Result: optimized user flow and reorganized content within site.
Users donate to organizations because they believe they are trustworthy, transparent, and accountable.
Result: add engaging imagery because it tells a visual story about the organization’s work, and fix design inconsistencies.
I got to thinking about how I could encourage a user to see more of work that's being done by the client and become inspired by it. I went through their social media page to get a better understanding of current community members' involvement.
Findings:
We use a prioritization framework to help synthesize some of the data. Then, with my research in mind, I created multiple iterations from sketches and low to mid-fidelity wireframes, and then got feedback from my peers and users.
I focused my design process based on the established pain points and the needs of the users. I initially made minimal changes to optimize the user experience and eventually settled on a direction for the prototype.
I conducted usability on the designs. I found while users showed an increase improvement with discoverability within the page users still had a hard time navigating to it from the homepage.
8/8 users were able to find the button link within once on the mapping tool page.
2/8 users struggle to get to the mapping to page from the home page.
7/8 users did not find 80% of the copy within the page useful.
Bringing the mapping tool to the home page will increase it's discoverability and let community members see locations of different water quality levels and Puget Soundkeeper's cleanup impact.
Keeping the news feed on the homepage while scaling it down to allow other work to shine on the home page.
Users can connect and now see work being done within their community.
“ Your concentration on the homepage and navigation is extremely helpful, as are your ideas around breaking down storytelling and language to connect with donors. We are so lucky to have had this opportunity to work with your team – we cannot thank you enough.”
- Donielle Stevens
Communications Manager, Puget Soundkeepers
Reevaluate the content on the site. There is a large amount of information on the PSK website that users aren’t accessing. Some pages had a lot of content whereas other pages didn’t. Use website analytics to weed out pages that may not even be needed.
Make the interactive mapping tool more user-friendly. One possibility: rename this tool to describe what it actually does. The fact that it is a map already implies its interactivity and that it’s a tool. Should it be “Water Quality Map”? “Pollution Map”? Ideally the name should signal to users that they can find such information there. In usability tests, we found that users didn’t know what to do once they opened the map. This could be improved significantly by making the layers filtering panel appear when the map initially loads.
A more thoughtful approach to social media. A good amount of content posted to PSK’s Instagram account links to resources from other organizations.

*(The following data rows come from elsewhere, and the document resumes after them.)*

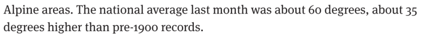 This is nuts. But don’t believe me. Here are the official statistics from the Swiss government. A 2.12 C increase. That is about 3.8F. NOT 35F.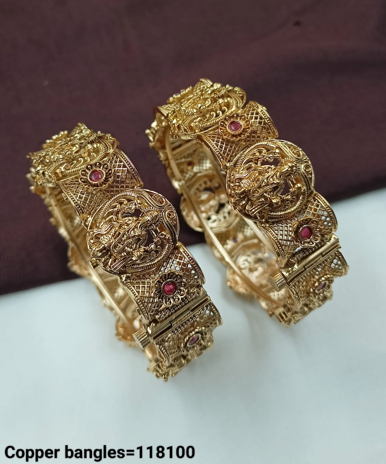 Traditional Temple Jewelry Bangles – Handcrafted Copper with Ruby Stones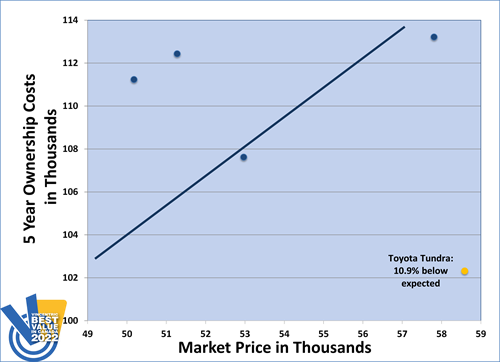 The Toyota Tundra received the 2022 Vincentric Best Value in Canada™ award in the Full-Size 1/2-Ton Pickup segment. Having the lowest depreciation, repair, and total ownership costs in its class helped the Tundra rise to the top of the podium.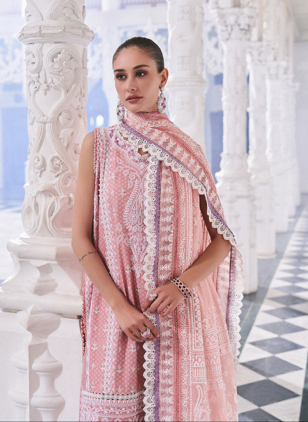 Summary: Embrace the season with this stunning Sobia Nazir Luxury Lawn suit from the Eid Edit collection. The sleeveless kameez features a soft pink hue, beautifully enhanced with white schiffli embroidery and intricate lace borders, offering a chic, breezy look. Made from high-quality lawn fabric, this Pakistani suit is the ultimate choice for keeping cool and stylish during Spring/Summer. The ensemble pairs with a textured sheer dupatta and tailored trousers, making it a perfect pink dress for Eid festivities, garden parties, or day weddings. A blend of modern luxury and traditional charm, this outfit ensures you stand out with elegance. Shop this designer masterpiece online to elevate your festive wardrobe.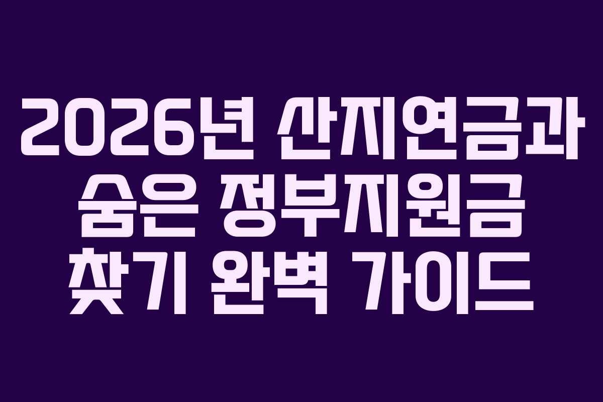 2026년을 맞아 많은 사람들이 놓치기 쉬운 정부 지원금과 혜택들을 정리했습니다. 시골 산지에서 매달 수익을 올릴 수 있는 산지연금부터, 잊고 있던 휴면예금 및 숨은 보험금까지 다양한 정보를 제공하니 꼭 확인하시기 바랍니다.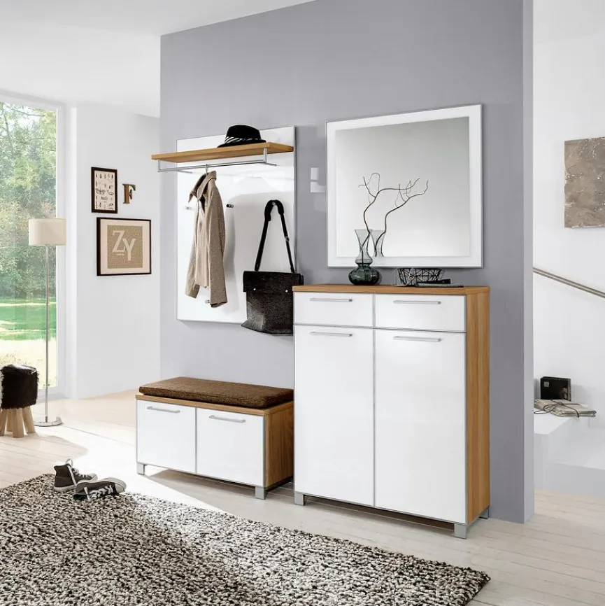 - Garderobe aus Garderobenbank, Sitzkissen, Garderobenpaneel, Schuhschrank und Spiegel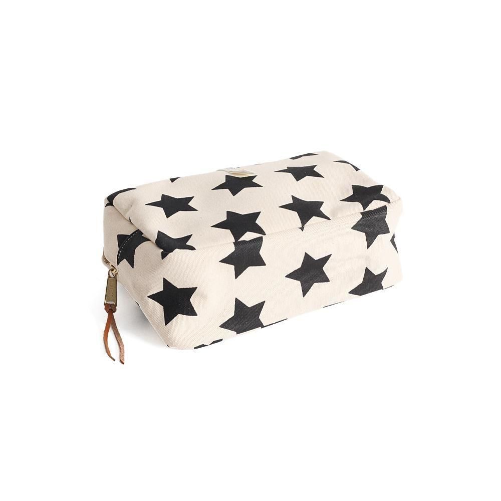 生成りのキャンバス地に星柄がプリントされた容量大きめのポーチです。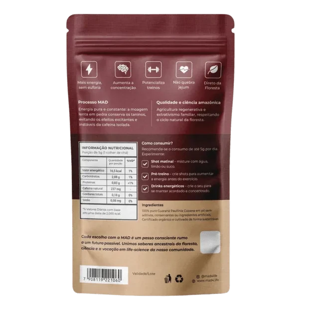 O Guaraná Cipó MAD é cultivado de forma orgânica no coração da floresta amazônica, em sistemas agroflorestais que preservam o equilíbrio do ecossistema. Esse modelo de produção garante um produto autêntico, obtido com respeito ao meio ambiente e aos ciclos naturais da floresta.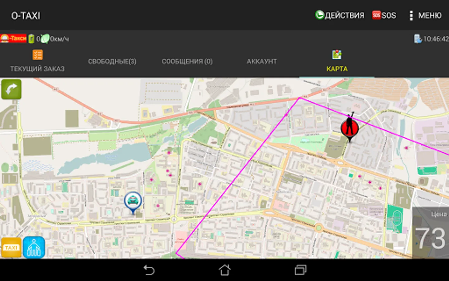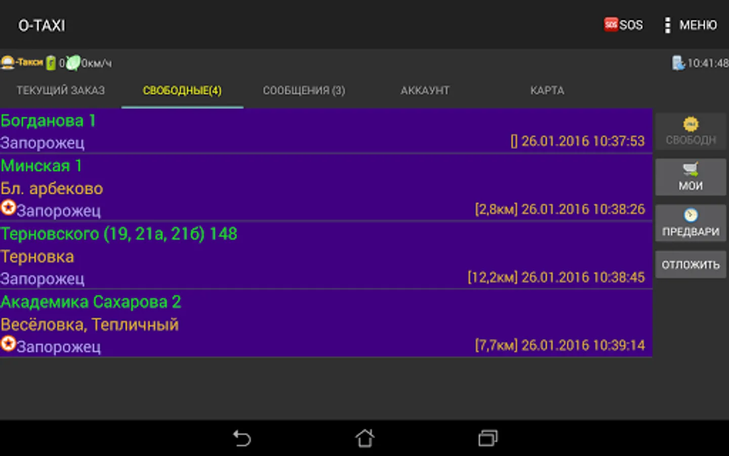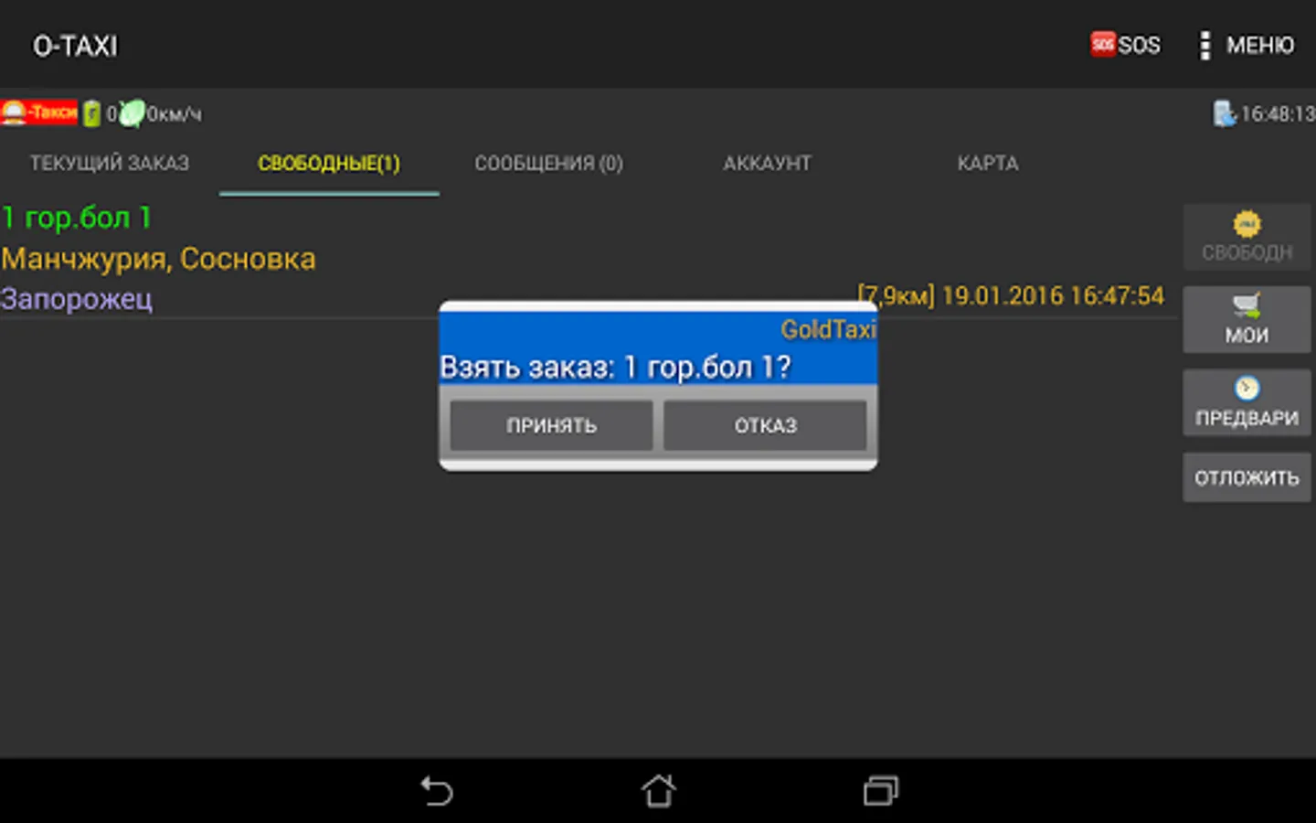 Mobile application O-TAXI for taxi drivers, designed to work with orders.

While support of other organization’s efforts are important, it can subtly highlight the lack of resources and original content being created by PSK. Ideas for content include: action alerts, interviews or Q&A sessions with staff members, supporter highlights, facts about Puget Sound wildlife, etc.
Take another look at the structure of the News page. Include meta tags to allow for efficient filtering and searching. Create a clear division between what is a blog post, news article, press release, or other form of media coverage.
We delivered the prototype to the client, along with a comprehensive report summarizing our findings. The client was very happy with the results, and offered to have us do further work with them, indicating that they would begin working with their web editor to implement the changes. However, at this point the client underwent a staffing reorganization, and consequently the implementation was postponed. We'll continue to make ourselves available to the client to make the changes when ready.